Hilarie Ros Burton (born July 1, 1982) is an American actress, businesswoman, author and producer. A former host of MTV's Total Request Live, she portrayed Peyton Sawyer on The WB/CW drama One Tree Hill for six seasons (2003–2009). Post One Tree Hill, Burton starred in Our Very Own, Solstice, and The List. She has also had supporting or recurring roles in television series, including her role as Sara Ellis on White Collar (2010–2013), Dr. Lauren Boswell on the ABC medical drama Grey's Anatomy (2013), Molly Dawes on the ABC drama series Forever (2014), and Karen Palmer on the Fox television series Lethal Weapon (2016).

Early life
Burton was born and raised in Sterling, Virginia. Her father is a veteran of the US Army, and her mother is a real estate agent. She is the eldest of four children with three brothers. She graduated from Park View High School in 2000, where she was student council treasurer her sophomore year, vice-president her junior year, and captain of the cheerleading squad, student council president, and homecoming queen her senior year.

Career

Media personality
Burton's first big break came when working as a VJ for MTV's Total Request Live (TRL). She was supposed to be a guest commentator for one segment, but producers decided to offer her a permanent job. Burton went on to present at the 2000 MTV Video Music Awards and MTV's Iced Out New Year's Eve.

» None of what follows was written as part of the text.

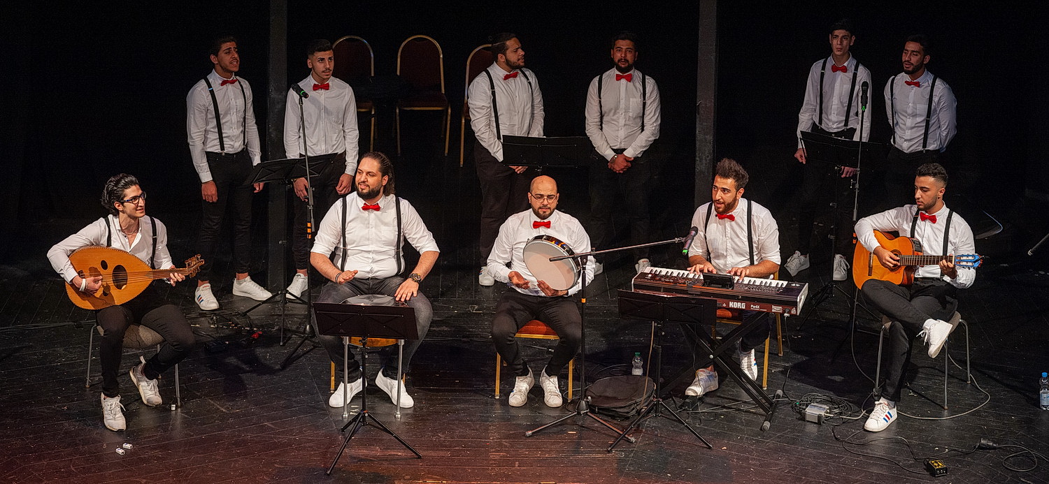 Nach dem Lied Jannah Jannah – was so viel heißt wie Himmel oder Paradies – mit dem der Vorläufer-Chor damals auch im Fernsehen aufgetreten ist, gibt es Lieder über die Liebe und das Leben auf Arabisch. Ein ursprünglich spanisches Volkslied haben die Sänger ebenfalls auf Arabisch und auch eine Strophe auf Deutsch übersetzt, was man nicht sofort erkennt, weil man damit nicht rechnet. Dann aber sind alle im Theater Anwesenden gefordert mitzusingen, wenn es zunächst heißt Freude schöner Götterfunken. Und mit Die Gedanken sind frei hätte es fast noch besinnlich werden können, wäre das Lied vollständig und eine Spur ernsthafter vorgetragen worden. Aber auch so wird es ein großartiger Abend, der mal glatt eine Stunde länger dauert als geplant. Das Publikum, das an den passenden Stellen begeistert mitklatscht, applaudiert ausgesprochen herzlich.

Burton went on to portray herself on The WB drama Dawson's Creek in 2002, which marked her television debut.

In October 2017, when news of the Harvey Weinstein sexual abuse cases broke, Burton retweeted a 2003 video clip from TRL Uncensored in which Ben Affleck squeezed her breast on air. This was in response to a fan tweet that quipped, "[Affleck] also grabbed Hilarie Burton-Morgan's breasts on TRL once. Everyone forgot though." Burton replied, "I didn't forget [about it] ... I was a kid." Affleck, who'd just publicly criticized Weinstein, subsequently responded on Twitter to apologize to Burton. When asked about the incident a month later on The Late Show with Stephen Colbert, Affleck said, "I don't remember it, but I absolutely apologize for it. I certainly don't think she's lying or making it up.'"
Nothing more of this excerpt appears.